J Urol. 1997 Sep;158(3 Pt 2):1026-9.
The combination of in utero bladder distension and bilateral hydroureteronephrosis in male fetuses may result from a number of pathological processes. The prenatal and postnatal treatment of patients with an enlarged bladder is dictated by the specific etiology leading to these changes. We propose specific ultrasonographic criteria for differentiating between obstructive and nonobstructive etiologies in these fetuses.
We reviewed the medical records and prenatal imaging studies of 18 cases of marked in utero bladder distension in which a diagnosis of posterior urethral valves, the megacystis-megaureter association or the prune-belly syndrome was confirmed postnatally. Amniotic fluid volume and renal echogenicity were assessed before knowledge of the specific diagnosis. Oligohydramnios was graded as mild, moderate or severe. Increased renal echogenicity was defined as greater echogenicity of the renal cortex and/or medulla than of adjacent liver tissue. Postnatal imaging, clinical course and outcome were also reviewed.
The study included 15 cases with adequate followup, including 8 in which a diagnosis of posterior urethral valves was confirmed postnatally. Nonobstructive etiologies included the megacystis-megaureter association in 6 cases and the prune-belly syndrome in 1. Seven of the 8 patients with posterior urethral valves had moderate to severe oligohydramnios, whereas all but 1 with a nonobstructive etiology had normal amniotic fluid. Seven of the 8 cases with posterior urethral valves had a marked bilateral increase in renal echogenicity, while none of the nonobstructive cases had this finding.

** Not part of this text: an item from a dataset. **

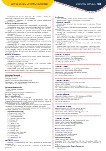 WWW.GHIDULPRIMARIILOR.RO JUDE%u021aUL BR%u0102ILA / 183Comemorarea eroilor comunei de %u00cen%u0103l%u021barea Domnului, precum %u0219i a poetului - erou %u0218tefan Negrea Manifest%u0103ri religioase %u0219i culturale cu ocazia s%u0103rb%u0103torilor religioase %u0219i na%u021bionaleFacilit%u00e3%u0163i oferite investitorilor:Re%u0163ea de alimentare cu ap%u0103 %u00een toate satele componenteConcesionat teren pentru investi%u021bii %u00eentreprinderi mici %u0219i mijlocii, realizare parcuri eoliene, fabric%u0103 de conserve din legume %u0219i fructeSprijin %u0219i colaborare din partea autorit%u0103%u021bilor publice locale pentru investi%u021bii %u0219i dezvoltarea economico-social%u0103 a comuneiOportunit%u0103%u021bi:Oameni gospodari cu tradi%u021bie %u00een cultivarea legumelor, cerealelor %u0219i plantelor oleaginoase, precum %u0219i cre%u0219terea animalelor - materie prim%u0103 pentru investi%u021bii %u00een industria alimentar%u0103Condi%u021bii naturale favorabile pentru dezvoltarea agroturismului la nivelul comuneiAccesul la DN 22 %u00een toate satele componente %u0219i apropierea de Municipiul Br%u0103ila reprezint%u0103 un avantaj pentru pia%u021ba de desfacere a produc%u021biei pentru afaceri mici %u0219i mijlocii locale, iar transportul public frecvent poate atrage for%u021b%u0103 de munc%u0103 navetist%u0103 din Municipiul Br%u0103ila %u0219i din comunele din apropiere, pe l%u00e2ng%u0103 for%u021ba de munc%u0103 local%u0103Proiecte de investi%u0163ii:Extindere re%u021bea de iluminat %u00een comuna Tudor Vladimirescu, jude%u021bul%u00a0Br%u0103ilaRealizare re%u021bea de canalizare %u00een comun%u0103Alimentare de gaze naturaleModernizare drumuri de interes local, comuna Tudor Vladimirescu, jude%u021bul Br%u0103ilaConstruire platform%u0103 gunoi de grajdConstruirea unui parc fotovoltaic pentru alimentarea cu energie a institu%u021biilor publice c%u00e2t %u0219i a iluminatului%u00a0publicCOMUNA TRAIANAdres%u0103: Principal%u0103, nr. 13Cod po%u0219tal: 817175Telefon: 0239-613239; Fax: 0239-613239; Adresa de e-mail: primariatraianbr@yahoo.comURL: https://www.uat-traian.ro/Persoane din primarie:Primar:%u00a0 Nicu%u015for%u00a0Ab%u0103seac%u0103%u00a0Viceprimar:%u00a0Secretar General: Daniela Nicoletta%u00a0Giugiuc%u00a0Contabil: Florentina%u00a0CheluSate %u00een administra%u021bie:Traian, Urleasca, Silistraru, C%u0103ld%u0103ru%u015faSuprafa%u021ba:%u00a0 16419 ha; Intravilan:%u00a0 909 ha; Extravilan:%u00a0 15510 ha; Popula%u021bia:%u00a03284; Gospod%u0103rii:%u00a01283; Locuin%u021be:%u00a01463; Gr%u0103dini%u021be:%u00a02; %u0218coli:%u00a04; Activitati economice si specifice zonei:Activitatea de baz%u0103 este agricultura (produc%u021bie/ depozitarea de cereale, plante tehnice, legume) %u0219i cre%u0219terea animalelorLa nivelul comunei Traian exist%u0103 societ%u0103%u021bi comerciale, asocia%u021bii familiale, persoane fizice autorizateFirme Reprezentative:S.C. Agrinvest Traian SRLS.C. Silvaperiland SRLS.C. Agroperiland SRLS.C.%u00a0Agroleg%u00a0Silistraru SRLS.C. Bunge SRLS.C. Start SRLS.C. Tedexim SRLS.C. Calexagro SRLS.C. Danagri SRLS.C. Dinagro SRLS.C. Agritur SRLS.C. M%u0103re%u021bu Prod Com SRLS.C. Grandabaman SRLS.C. Xelaliv SRLS.C. Segado Oil SRLComer%u021bObiective turistice:Conacul Orezeanu (1908), sat Traian, amplasat la 800 m Vest de sta%u021bia CFR Obelisc (1916- 1919), sat Silistraru, amplasat %u00een curtea fostei gr%u0103dini%u021beEvenimente:Ziua localit%u0103%u0163ii Traian - prima duminic%u0103 din luna maiHramul bisericilor din localit%u0103%u021bile componenteProiecte de investi%u0163ii:Modernizare drumuri de interes local %u00een comuna Traian, jude%u021bul Br%u0103ila%u00cenfiin%u021bare sistem distribu%u021bie gaze naturale %u00een comuna Traian, jude%u021bul Br%u0103ilaAmenajare %u0219i dotare loc de joac%u0103%u00a0sat C%u0103ldaru%u0219a, comuna%u00a0TraianSistem de supraveghere video %u00een localitatea Silistraru, comuna%u00a0TraianAmenajare teren de sport sintetic sat Urleasca, comuna%u00a0Traian%u00cenfiin%u021bare parc fotovoltaic %u00een comuna%u00a0Traian Modernizare Gr%u0103dini%u021b%u0103%u00a0 copii %u0219i construire anex%u0103( central%u0103 termic%u0103%u00a0%u0219i magazie) %u00een sat Traian%u00cemprejmuire corp C2- %u0218coala General%u0103%u00a0 sat Silistraru, comuna%u00a0TraianModernizare %u0219i dotare loc joac%u0103%u00a0sat Urleasca, comuna%u00a0TraianModernizare %u0219i dotare loc joac%u0103%u00a0sat Silistraru, comuna%u00a0TraianLucr%u0103ri de repara%u021bii %u00eenvelitoare tabl%u0103%u00a0amprentat%u0103%u00a0%u0218coala Traian COMUNA TUFE%u015eTIAdres%u0103: Prim%u0103riei, nr. 63; Cod po%u0219tal: 817185Telefon: 0239-665330, ; Fax: 0239-665307; Adresa de e-mail: primariatufesti@gmail.comURL: http://primariatufesti.roCOMUNA ULMUAdres%u0103: Liviu Rebreanu, nr. 25; Cod po%u0219tal: 817190Telefon: 0239- 638175; Fax: 0239-638125; Adresa de e-mail: primaria_ulmu@yahoo.comprimulmcont@yahoo.comURL: www.primariaulmu.roCOMUNA UNIREAAdres%u0103: Prim%u0103riei, nr. 69; Cod po%u0219tal: 817195Telefon: 0239-653000; Adresa de e-mail: primaria_unirea@yahoo.comURL: http://unirea-braila.ro/, https://www.facebook.com/primaria.comuneiunireaCOMUNA V%u0102DENIAdres%u0103: Emilia Dumitrescu nr. 181; Cod po%u0219tal: 817200Telefon: 0239-697664; Fax: 0239-697616; Adresa de e-mail: office@vadeni.roURL: https://vadeni.ro/COMUNA VICTORIAAdres%u0103: Nuferilor, nr. 335; Cod po%u0219tal: 817205Telefon: 0239-699729; Fax: 0239-699729; Adresa de e-mail: victoriaprimaria@yahoo.comURL: http://primariavictoria-br.roCOMUNA VI%u015eANIAdres%u0103: Str. ecembrie, nr. 184; Cod po%u0219tal: 817210Telefon: 0239-696491; Fax: 0239-696491; Adresa de e-mail: clmvisani@yahoo.comURL: http://primariavisani.ro/Persoane din primarie:Primar:%u00a0 Neagu%u00a0%u00a0Caraman%u00a0Viceprimar:%u00a0 Aurel%u00a0StoicaSecretar General:%u00a0 Vasile%u00a0NaziruContabil: Marian%u00a0Butiseac%u0103Sate %u00een administra%u021bie:Vi%u015fani, C%u00e2ineni-B%u0103i, Pl%u01
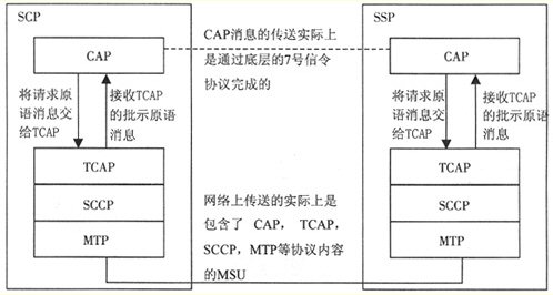移動(dòng)智能網(wǎng)應(yīng)用部分(CAP)是遠(yuǎn)程操作服務(wù)單元(ROSE),ROSE規(guī)程包括在TCAP成份子層中,并作為單位數(shù)據(jù)(UDT)放在SCCP中傳送。我國(guó)CAP是建立在以TCAP和SCCP為基礎(chǔ)的No.7信令網(wǎng)傳送的,CAP受限于SSP-SCP、SCP-IP之間的接口規(guī)范。

Increased renal echogenicity and oligohydramnios in the setting of bladder distension are highly predictive (87%) of an obstructive etiology. This finding is important in the prenatal counseling and treatment of boys with bilateral hydronephrosis and marked bladder dilatation.
男性胎儿子宫内膀胱扩张合并双侧肾盂积水可能由多种病理过程引起。膀胱增大患者的产前和产后治疗取决于导致这些变化的具体病因。我们提出了用于区分这些胎儿梗阻性和非梗阻性病因的特定超声标准。
我们回顾了18例子宫内膀胱明显扩张病例的病历和产前影像学研究,这些病例在出生后确诊为后尿道瓣膜、巨膀胱-巨输尿管综合征或梅干腹综合征。在得知具体诊断之前评估羊水体积和肾脏回声。羊水过少分为轻度、中度或重度。肾脏回声增强定义为肾皮质和/或髓质的回声高于相邻肝脏组织。还回顾了产后影像学、临床过程和结局。
该研究包括15例有充分随访的病例,其中8例在出生后确诊为后尿道瓣膜。非梗阻性病因包括6例巨膀胱-巨输尿管综合征和1例梅干腹综合征。8例后尿道瓣膜患者中有7例有中度至重度羊水过少,而除1例非梗阻性病因患者外,其余患者羊水均正常。8例后尿道瓣膜病例中有7例肾脏回声明显双侧增强,而非梗阻性病例均无此表现。
膀胱扩张情况下肾脏回声增强和羊水过少对梗阻性病因具有高度预测性(87%)。这一发现对于双侧肾盂积水和膀胱明显扩张男孩的产前咨询和治疗具有重要意义。